# Daconil question



## Hera (Sep 10, 2012)

I've been battling a fungal problem on my phals and I purchased Daconil in a ready to use container. When I spray it, it looks rather thick and gel-like. Will it hurt my plants more than help and / or should I be thinning it down? I don't have experience with fungicides in general so I'm clueless here.


----------



## cnycharles (Sep 10, 2012)

sounds a bit funny, but it should be used the way the container states. however, if there is the chance that something happened when the container was stored and was heated way too much or something else, maybe a call or email to the store or manufacturer mentioning the thickness when sprayed, is it normal etc might be a good thing. maybe it just really needs to be shaken alot before using so that it isn't really thick at the bottom of the container?


----------



## SlipperFan (Sep 10, 2012)

I've never used Daconil from a ready-to-use container, but thick doesn't sound right. Even the concentrate is a thin solution. I agree with Charles -- check with the store or manufacturer.


----------



## naoki (Sep 11, 2012)

Hera, I've used Bonide version of ready-to-use Daconil. I think it is called Fung-onil, but the active ingredient is the same Chlorothalonil. It is a bit thicker (slightly higher viscosity) than Phyton-27 or Physan-20, but I wouldn't say it is "gel" like. It has a little bit milky color, is this what you mean by "gel-like". I haven't killed any paphs/phals by spraying Daconil.


----------



## goldenrose (Sep 11, 2012)

I've used Daconil, don't remember being gel-like like others have said, but yes thicker. Did you shake it up before spraying? If you got it at a big box store, don't bother asking them, the manufacturer usually has a phone # on the label.
Time to bring out the dragon's blood? or the peppermint soap?


----------



## stefpix (Sep 11, 2012)

it comes thick.


----------



## NYEric (Sep 11, 2012)

Solution. Ditch Phals for Paphs and Phrags!


----------



## goldenrose (Sep 11, 2012)

NYEric said:


> Solution. Ditch Phals for Paphs and Phrags!


:rollhappy::rollhappy:
and I should know better but I still keep trying them! I use to think that my GH temps got a bit to cool for their liking but there's that cute compact fuchsia noid that does just great year after year with very little maintenance !


----------



## NYEric (Sep 11, 2012)

keep that one then!


----------



## Hera (Sep 11, 2012)

I purchased a bunch of seedling over the years from Peter Lin and they have great potential. I'm afraid I'm attatched to them Eric. It's just been frustrating because they are the only plants showing fungal problems. Now that Rose has mentioned it I wonder if the basement is too cool for them. Maybe I 'll bring them back upstairs to the window. 
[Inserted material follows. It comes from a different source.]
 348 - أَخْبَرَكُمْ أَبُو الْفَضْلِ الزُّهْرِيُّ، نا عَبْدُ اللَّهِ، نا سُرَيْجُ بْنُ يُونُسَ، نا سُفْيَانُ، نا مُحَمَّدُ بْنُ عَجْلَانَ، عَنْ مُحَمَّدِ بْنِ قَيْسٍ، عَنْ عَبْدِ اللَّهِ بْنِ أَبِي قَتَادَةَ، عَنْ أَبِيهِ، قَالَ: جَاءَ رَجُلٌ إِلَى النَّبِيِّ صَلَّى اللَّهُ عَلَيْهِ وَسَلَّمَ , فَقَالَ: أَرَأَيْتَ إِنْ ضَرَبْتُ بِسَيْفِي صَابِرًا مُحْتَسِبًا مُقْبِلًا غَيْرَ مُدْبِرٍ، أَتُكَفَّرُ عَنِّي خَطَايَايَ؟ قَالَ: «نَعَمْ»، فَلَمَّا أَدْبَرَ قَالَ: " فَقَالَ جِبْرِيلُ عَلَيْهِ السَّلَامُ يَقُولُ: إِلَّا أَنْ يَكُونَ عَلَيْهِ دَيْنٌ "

Anyway, thanks for all the comments. It is thick and milky. I've been speading it across the leaf instead of just spraying and just on a few plants until I see how it affects them. No need to lose the whole bunch. 

What's pepermint soap?


----------



## NYEric (Sep 11, 2012)

Dr. Brown's. It is a horticultural soap it cleans and I use it with neem, alcohol, and Merit 75 as an insecticide.


----------